Vierzig Jahre lang war die konventionelle Chromosomenanalyse mithilfe der QFQ- oder GTG-Bänderung der Goldstandard in der Pränataldiagnostik. In den 1990er Jahren erweiterte die Möglichkeit, spezifisch Chromosomen und Chromosomenabschnitte durch In-situ-Hybridisierung mit markierten Sonden darzustellen, erheblich das diagnostische Spektrum in der Pränataldiagnostik.
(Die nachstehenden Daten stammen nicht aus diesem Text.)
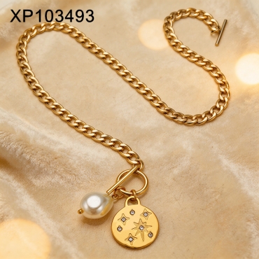 Level B Stainless Steel New Trendy Women Jewelry Pearl Style/Plastic Beads Eight-Pointed Star Golden Pendant

Die hochauflösende Ultraschalldiagnostik mit immer genauerer Darstellung fetaler Strukturen machte jedoch die Einführung eines hochauflösenden Verfahrens zur Erkennung chromosomaler Imbalancen in die Pränataldiagnostik notwendig, wie sie mit der Microarray-CGH zur Verfügung steht. Trotz zahlreicher Vorteile hat sich die Methode wegen des Fehlens stringenter Indikationskriterien, Bedenken der Interpretierbarkeit der Ergebnisse und der Möglichkeit der Erkennung von pathogenen Befunden, die nicht im Zusammenhang mit der Fragestellung stehen, nur schwer in der Pränataldiagnostik etablieren können [6, 8].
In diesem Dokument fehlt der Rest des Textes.